While I’d like to take credit for guessing the previous Mystery Artifact, I think the credit should go to TJ, who was the first to guess it was a stapler. I was simply agreeing with him. Chuck identified the manufacturer, and Johnboy the model.
I think this month’s item is for serving some food, maybe pasta or salad.
Jim: Duly noted and it is fair of you to say so. It’s a heck of a stapler, to be sure. And a beautiful object that I just enjoy having on my desk. Thank you for your comment. :)
.
Ms. Bien
I am pleased to contribute to your wonderful piece. From your map research, I stand by my guess that this barn was a gable barn at the time of the dairy entries. The farm is between 11 and 16 years old when Mamie was born (I guessed the earliest year for the farm to be 1857 assuming that the establishment of the farm did not happen a moment after the 1856 map was published.) Within this time frame one can imagine the establishment of the farm to profitability and the loss of the two children you noted. From my perspective I would not expect a gambrel barn to be built in Michigan between 1857 and 1864. Only if the barn was brand new when Mamie was writing would I expect it to be a grambrel; and then it still may not have been. With only one year of dairy entries (which is all I think you have) it’s hard to flesh out the history, but its fun to try.
David
I really appreciate your putting in a plug for the Pittsfield Library’s barn raising here. I am looking forward to bringing this scaled model of a real barn to AA and to spending the afternoon talking about and building a barn. Working with this barn at different venues around the state has been incredibly rewarding and fun for many kids; and adults as well.

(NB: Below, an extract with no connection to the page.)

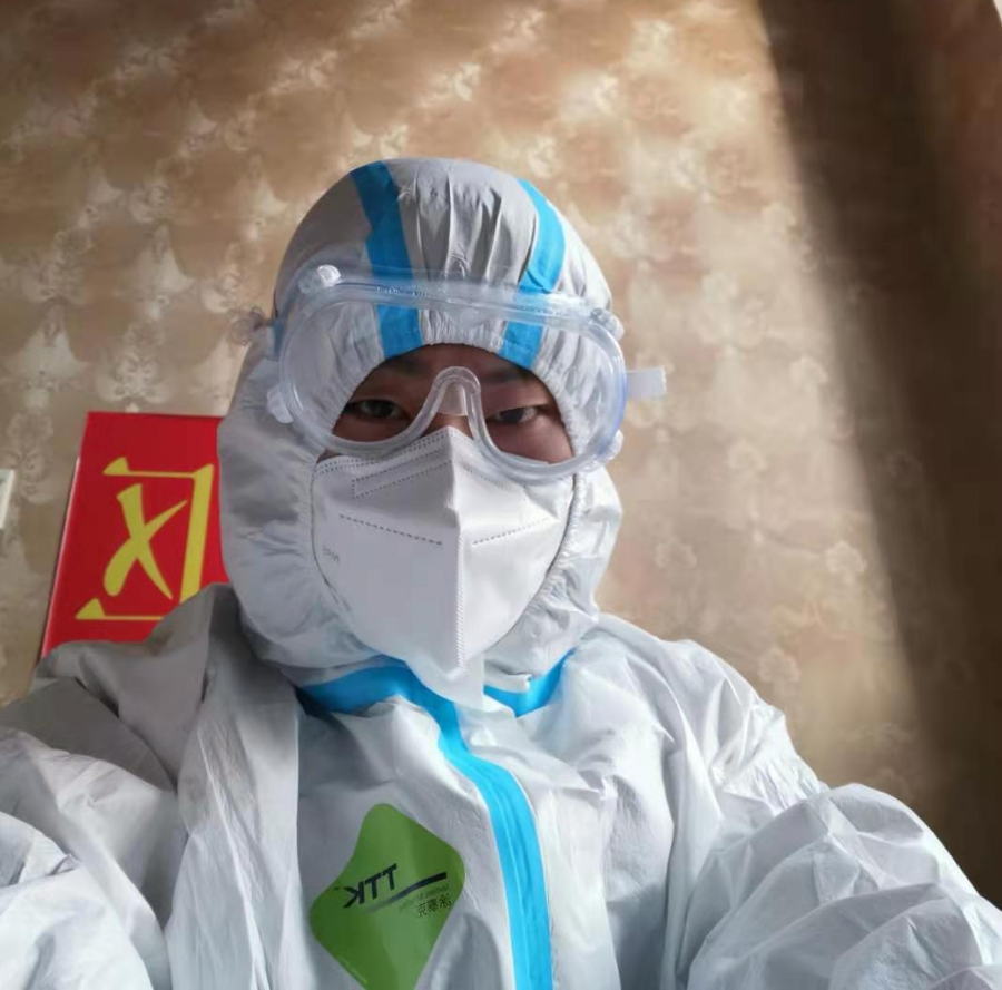 他在河北省张家口市宣化区西草市社区做志愿者。在防疫志愿服务中他的工作是:卡口执勤,负责登记核酸检测信息。在本次疫情突发的河北地区,各个城市响应号召开始实行封闭管理,并对全体人员做核酸检测。

After we brought the barn to the Leland School System for a very aggressive program (all of the 3rd, 4th,7th and 8th graders in the school; 150 students in two days!) I wrote the following for the MBPN’s newsletter. “The barn was raised in a relatively short time frame transforming the 100 or so parts into one building; eliciting exclamations and applause each time. Shy kids were grinning ear to ear as the barn took shape. It was all we could do at times to keep a safe pace as seeing the first bent made them anxious to see the second, and then the third; it was a real building and they were building it themselves. The enthusiasm was absolutely contagious and spread from the students to the teachers; everyone lent a hand. And seeing everyone working side-by-side, helping each other regardless of age or position, was nothing short of magical.”
I think it is great opportunity to be a part of a real barn raising; and it is real. Even scaled-down this barn has to be erected just like a real barn and it takes many hands. I have now erected it many times and each time I still have a sense of accomplishment. It is also a wonderful opportunity for children, and adults, to spend some quality time considering how people have been building wooden buildings for thousands of years. Oh and we get to talk about barns and farming, a well as history and community, and so much more.
It is my desire to overwhelm the library with participants so I hope all of you will consider attending. Also all of you should know that if you have an event where this barn could prove to be valuable the MBPN would be interested to try to work with you. This barn has been to barn conventions, agricultural expositions, state fairs, schools, career expositions, heritage festivals all over the state and beyond and has been well received. If you would like more information feel free to contact me at cbultman@flash.net. You can also see photos of the barn at the MBPN’s website [link].
p.s.
David, I purposefully squandered the previous comment slot as I did not wish to have that number next to my comment. I hope you can understand.
Laura,
My daughter & I have put our heads together and we believe the mystery object to be for picking up ice chips.
Irene
For those who enjoy tasty “corn on the cob,” a device such as this would be handy for grabbing the ears of corn out of a pot of boiling water. It would be even handier/safer, if the handle were extended a bit.